I’ve neglected Spell the Month in Books in the last few months. It was only when I saw a few posts in my blog feed that I remembered all about this meme.

It’s perfect timing actually because ithe current heatwave in the UK has frazzled my brain so much I don’t think I have the energy to write a book review.

Usually there is a theme for each month (making it doubly difficult) but our host — Jana of Reviews from the Stacks — is otherwise occupied by the demands of a new baby. So we get a free choice.

I’m taking a very easy option by spelling the month with books that are on my wishlist. Two of these are new publications that might make it onto the Booker Prize longlist (the announcement is due Tuesday, 28 July 2026).

I’ve yet to read Shuggie Bain, the novel which gained Stuart the Booker Prize in 2020. I’ll get to it one day. In the meantime his latest novel John of John has caught my attention. It’s set in the isolated, religiously strict community of the Isle of Harris in Scotland during the late 1990s and has been described as a modern day version of the prodigal son parable.

This is a 2015 debut novel by Nigerian-American author Chinelo Okparanta Set in 1960s Nigeria it follows the story of Ijeoma, a girl growing up in war-torn Nigeria who must come to term with her sexuality and the conflict this presents in society. This will fit nicely into my Adventures in African Literature project.

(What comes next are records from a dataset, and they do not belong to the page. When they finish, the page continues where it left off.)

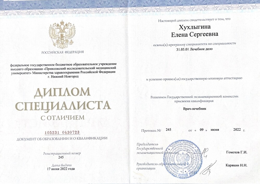 2022 г – ФГБОУ ВО «ПИМУ» МЗ РФ, врач-лечебник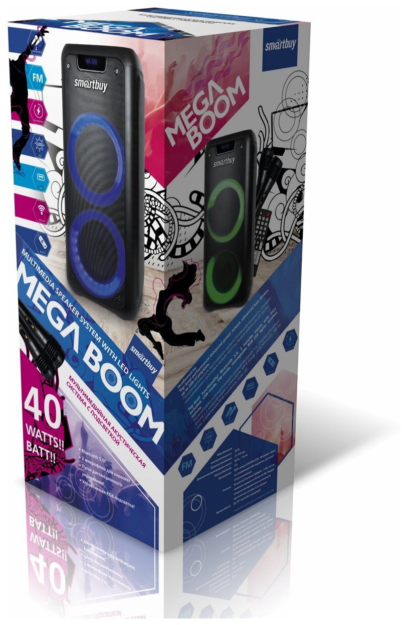 Портативная колонка SmartBuy MEGA BOOM, 40 Вт, Bluetooth, MP3, FM, 2 микрофона, ПДУ, LED-свет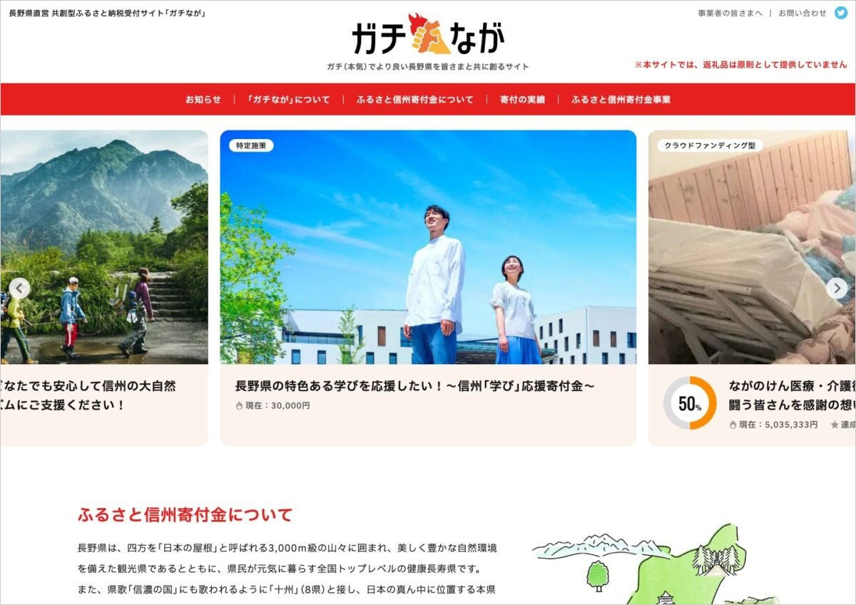 長野県直営共創型ふるさと納税受付サイト「ガチなが」

The Year of the Runaways by British author Sunjeev Sahota was shortlisted for the 2015 Man Booker Prize. The narrative focuses on the lives of three Indian men who live together with other migrant workers in a house in Sheffield, England. One of them is married but his wife barely knows, or wants to know, him and lives separately in a flat.

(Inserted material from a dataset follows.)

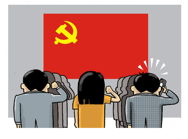 习近平总书记在全国党校工作会议上的讲话中指出,在新形势下,党校工作必须向党中央看齐,向党的理论和路线方针政策看齐。没有规矩、纪律意识高于天,看齐意识无法内化于心,外化于行。该作品形象、有趣、巧妙地把某些党员的规矩、纪律意识淡薄形象化地揭露出来。没有规矩、纪律意识,看齐就只会成为“左耳进,右耳出”的游戏,不算数。漫画在手机和拳头发挥类似作用的语境里,趣味横生地焕发了思考的张力。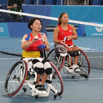東京パラリンピック第9日 車いすテニス・女子ダブルス準決勝   デフロート/ファンクート(オランダ) 6―4 6―2 上地結衣(三井住友銀行)/大谷桃子(かんぽ生命) ( 2021年9月1日    有明テニスの森公園 )

.If you fancy having a go at Spell the Month, you’ll find all the info you need on the website of the host, Reviews From the Stacks.

7 responses to “Spell the Month in Books: July 2026”

  1. Forecast max. 27 today! I’m both thrilled and alarmed: I once thought that was hot.

    Very much enjoyed the Sahota.

    1. The breeze was such a welcome relief today. Sadly the temperatures and the humidity are rising in the rest of the week.

  2. You’ve bookended your choices with books I’ve read and enjoyed. As to the Maggie O’Farrell … I’m something like 140th in the queue at the library (but they will have multiple copies..)

  3. So it’s still hot?
    The weather here is strange. We’ve had some very cold nights (near freezing) and some miserable wet and windy days straight up from the Antarctic, but outside my window — in bloom as if it were spring — is my beautiful white jasmine. I have yet to see one of the little finches that makes a nest in there, but it won’t be long… unless the birds are smarter than the flowers!

    1. Oh yes it’s hot – we’re into week two of it now. today was a little respite thanks to some breeze but the rest of the week is very high 20s and high humidity.

  4. Well done for (a) just surviving this extreme hear, and (b) this creative and timely response to the meme. A couple of these sound tough reads though.

    1. They won’t be as tough as Quartet (Jean Rhys) which I finished recently.